Everything needs to be just right. We will go through enormous amounts of effort to get the words to match the concepts.
I am worried the word “Theme” to describe the concept of themes may be a tiny bit off.
For me, conceptually, themes are building blocks, your site’s design is composed of many “themes” aka building blocks or little lego pieces that you can either author or source from github to build the castle that is your site.
The word “theme” can often be thought of as a single cohesive concept as opposed to a collection of bits so the concept is slightly fighting with the implementation.
Is there a better word to describe our intention with themes any better?
To me palette is about colors. I am wishing for a word that describes the composability of the bits. maybe “block” or “segment” or “chunk” or maybe just theme is as good as it gets.
Plugin was great from the outset cause it is crystal clear you can have many plugins.
For context, are you thinking about “theme” as a user (“I pick one theme from user settings”) or as an admin/designer (“I can build a theme by combining existing themes”)? As a user, I’d say themes is just fine, and likely a great description for the feature. Alternate thoughts as a user would be “skin” or “style”. As an admin, I agree theme doesn’t really describe the building block idea of adding them together - but I’m not really sure what else to suggest.
Maybe we could we expand the use of plugin? What about “Visual Plugin”, or “UI Plugin”?
Theme is the correct word, pretty much all forum software since forever has called it that.
Basically I don’t support this idea that themes need to be these tiny composable blocks. That’s a bit overengineered, and certainly should not be exposed to anyone other than forum admins…
Fundamentally, the WordPress Theme system is a way to “skin” your weblog. Yet, it is more than just a “skin.” Skinning your site implies that only the design is changed. WordPress Themes can provide much more control over the look and presentation of the material on your website.
I agree. Gmail is another example where they use the term “theme” to describe the complete thing.
If the building blocks are helpful, use a different name for those blocks. I think “components” may be a good fit. Themes and components also follow the terms used by bootstrap, for example.
I also think that “Theme” works just fine. My gripe was rather with even the elements of a theme being called theme. Even if they technically cannot be distinguished, if they are used as parts of themes they should be referred to as theme elements, sub-themes, style elements or the like.
I prefer “Theme” the term implies an amalgamation of multiple parts. It is far better than alternates like “Styles” or “Designs”. You could use a modifier like “Theme Packs” , “Theme Bundles” or “Theme Base”, but I really like the simplicity of “Themes”.
Just the same, I think if it is planned to sometime in the future have a folder similar to the plugin folder that could contain template files, emoji and avatar sets etc. and this feature will become more than only CSS, that Themes would be the better term.
I don’t think there is a NEED to find something else from what is already understood by people generally due to the use of this term in almost every forum software and beyond.
That said, if we are really looking for terms to describe smaller composable blocks for themes then we can create a new term. Ideally, we should not do that, but using any existing term would cause confusion with various other usage in practice. The final composed outcome as presented to the user should still be called themes.

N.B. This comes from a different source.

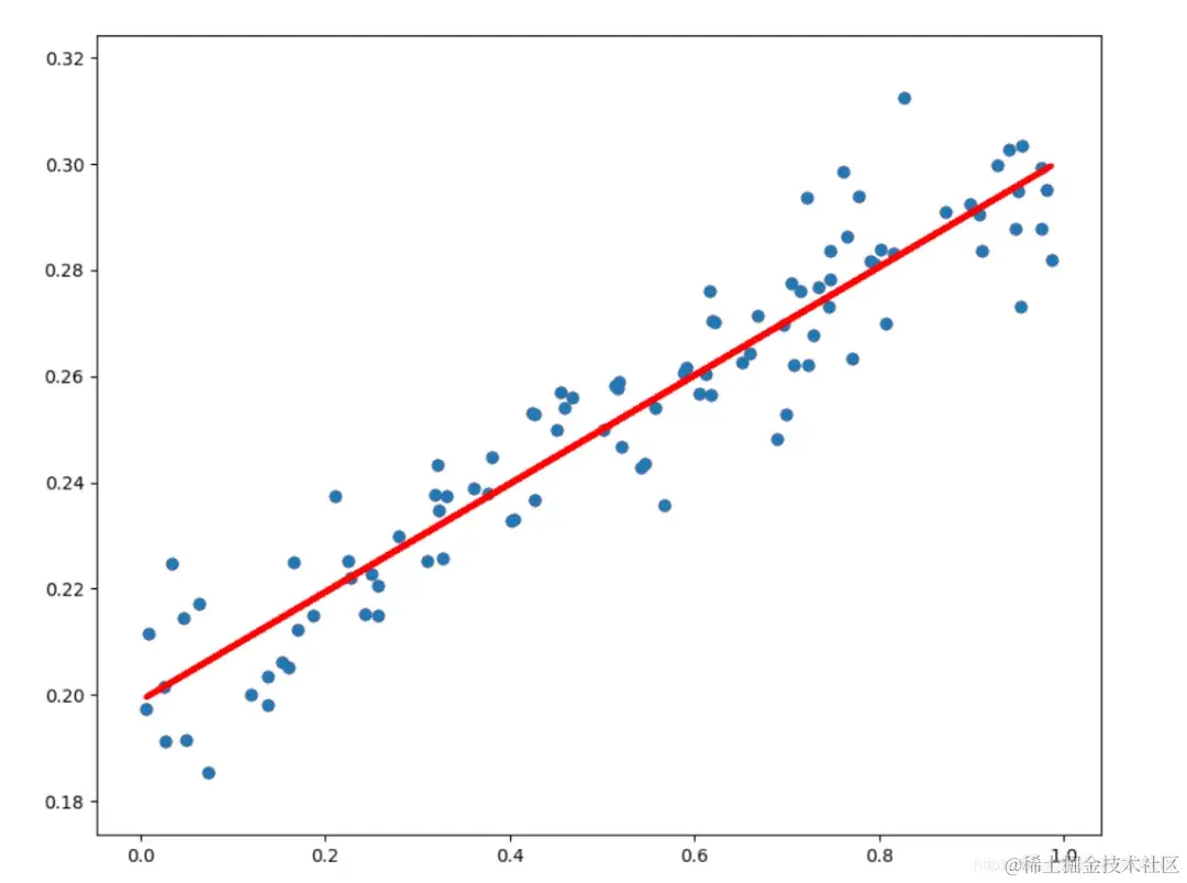 线性回归通过寻找数据点之间的最佳拟合直线,来预测目标变量。其数学模型为:

One such term that I can make would be THEMELETS which can be thought as small themes or a word-play of theme + template (= theme templates).
After writing this, I thought I would Google this term and I found that some people have already used it (check the following three examples).
If, for used theme components, there would also be an icon next to the theme-component name in the list of themes, it would be perfect. (Or is that what you’re saying only that it’s not in the screen shots?)
So…per the original commit themes can have child themes, which can in-turn have child themes (grandchild themes !). How is that affected by the recent changes?